* [Instructions to follow]:
Beneath this line are the data; copy exactly the part of them that opens with the line containing "Figure 2. Looking north on Russell Street" and closes with the line containing "Every aspect of", and only that part.

* [The data]:
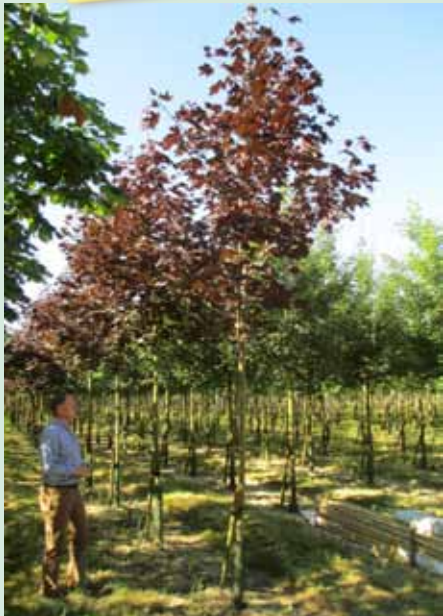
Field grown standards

--

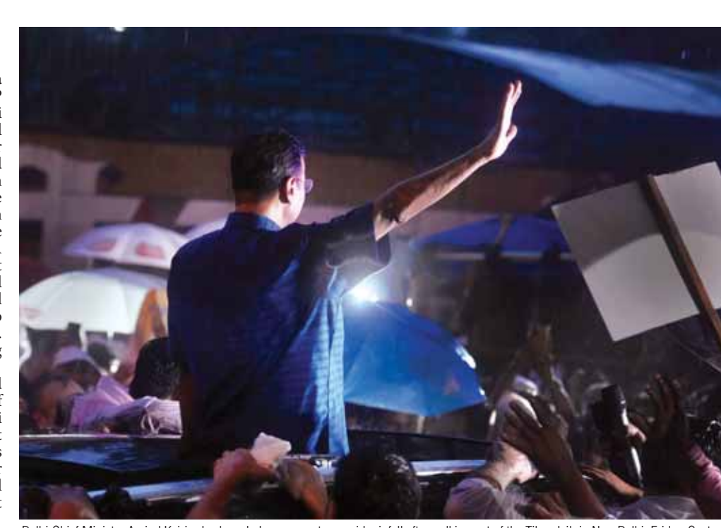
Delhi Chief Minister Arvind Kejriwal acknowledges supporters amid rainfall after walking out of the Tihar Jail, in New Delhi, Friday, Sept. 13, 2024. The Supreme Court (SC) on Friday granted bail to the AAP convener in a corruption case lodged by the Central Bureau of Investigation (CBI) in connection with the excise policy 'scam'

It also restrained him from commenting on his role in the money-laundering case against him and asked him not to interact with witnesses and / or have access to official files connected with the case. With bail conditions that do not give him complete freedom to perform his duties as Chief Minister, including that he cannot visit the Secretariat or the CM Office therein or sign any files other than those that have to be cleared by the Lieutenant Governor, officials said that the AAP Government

==

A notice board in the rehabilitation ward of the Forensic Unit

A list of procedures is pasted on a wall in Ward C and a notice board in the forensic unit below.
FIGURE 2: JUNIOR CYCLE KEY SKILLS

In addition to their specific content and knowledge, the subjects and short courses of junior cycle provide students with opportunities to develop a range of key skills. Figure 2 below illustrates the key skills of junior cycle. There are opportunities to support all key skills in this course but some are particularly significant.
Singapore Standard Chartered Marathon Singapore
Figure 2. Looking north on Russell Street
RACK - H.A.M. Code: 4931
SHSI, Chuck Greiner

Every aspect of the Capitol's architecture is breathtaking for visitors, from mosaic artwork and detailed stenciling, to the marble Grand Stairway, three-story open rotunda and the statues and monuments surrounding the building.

* [Answer below]:
Figure 2. Looking north on Russell Street
RACK - H.A.M. Code: 4931
SHSI, Chuck Greiner

Every aspect of the Capitol's architecture is breathtaking for visitors, from mosaic artwork and detailed stenciling, to the marble Grand Stairway, three-story open rotunda and the statues and monuments surrounding the building.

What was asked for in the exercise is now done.